Nerys had said nothing but she tried to flash a warning to Myrtle. Be careful. Don’t assume more than you can know.

It was too late. Caroline’s face crumpled and her empty coffee cup fell from her fingers and rolled on the rug. Her hands came up to her mouth and her whole body shook.

‘What is it?’ Myrtle cried. ‘What have I said?’

‘It can’t be Ralph’s baby, you see. That’s just it.’

‘Can’t?’ Myrtle persisted.

It was Nerys who stood up, retrieved the cup and put it back on the brass tray, then went to sit at Caroline’s side. She took the girl’s hands and looked into her ravaged face. ‘I think I understand,’ she murmured. ‘You don’t have to say any more if you don’t want to.’

Caroline seemed reassured by this. She collected herself and firmly shook her head. ‘No, I want to –
need
to talk about it. I came over here to Mrs McMinn, I mean Myrtle, and to you, because I knew I must. There hasn’t been anyone I could ’fess up to before, and that’s what has made it so bad. I mean, my stepmother has been decent enough, but she’s at home and I’m here, and we’ve never had that sort of a motherly conversation. That’s to say, before Ralph and I were married I knew I had to arrange matters so when I was in Delhi to buy my wedding
dress I saw the doctor there – Mrs Fanshawe gave me an address – and he fixed me up with the hideous rubber thing you’re supposed to put in.’

Her eyes held Nerys’s.

A three-letter man, Nerys remembered. That was what Archie McMinn had called Captain Bowen.

‘I had it in its box on our wedding night, all ready to put in like the doctor told me. But Ralph had drunk too much and he more or less passed out. I wasn’t all that surprised, I’d seen him drinking before, so I tried to laugh about it the next day, you know, saying something about making up for lost time. Ralph didn’t think it was funny, not at all. He made an excuse that night about feeling ill, and slept on the camp bed. After a few more days I didn’t think it was funny either. I’d be putting talcum powder on the rubber thing, and going to bed in my pretty nightdresses, and my husband never did what he was supposed to.’

‘Never?’ Myrtle whispered. Nerys could see how difficult it was for her friend to imagine such a thing.

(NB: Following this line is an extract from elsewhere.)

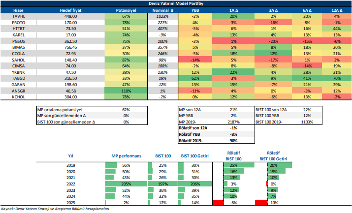 Deniz Yatırım Model Portföy, Deniz Yatırım Strateji ve Araştırma Bölümü tarafından, temel analiz kriterlerine göre hazırlanmış, orta-uzun vadeli hisse senedi tavsiye listesidir. Alınan pozisyonlar sadece uzun yönlüdür (long only). Herhangi bir rakamsal/yüzdesel getiri hedefi söz konusu değildir. Herhangi bir şirket sayısı sınırı söz konusu değildir. Herhangi bir sıklıkta/takvim dahilinde değişiklik yapma zorunluluğu söz konusu değildir. Strateji ve Araştırma Bölümü analistleri portföyü takvim yılı içerisinde piyasa koşulları izin vermez ise değiştirmeme hakkına sahiptirler. Portföy içerisinde yer alan şirketler için temel analiz açısından getiri potansiyeli kalmamış dahi olsa da (değerleme olarak) şirket markasına olan geçmiş ve gelecek dönem güveni ile liste içerisinde kalmaya devam edebilirler. Portföyde yer alan şirketler için AL tavsiyesi bulunması zorunluluğu söz konusu değildir. Bölüm analistleri, TUT ve/veya Gözden Geçiriliyor önerileri ile de liste içerisinde şirket tercihinde bulunabilirler.

For herself, it wasn’t such a leap.

Caroline held up her head. ‘Never.’

‘My poor duck.’ Myrtle sighed.

‘I thought it must be me. Not that I was thinking I might be repulsively deformed or anything like that – I was at boarding school and I’d seen everyone else so I knew I was actually on the decent side of ordinary, if that doesn’t sound too conceited. I mean, just not being
alluring
enough. But after a while I started to think, Bloody hell, if I want to and he doesn’t, that can’t all be my fault, can it? Sometimes we’d get near to it, but I always felt he was closing his eyes so as to be somewhere else while it was happening, and never managing to detach himself quite enough actually to be able to
do
it. Does that make sense?’

‘Yes, it makes sense,’ Nerys assured her.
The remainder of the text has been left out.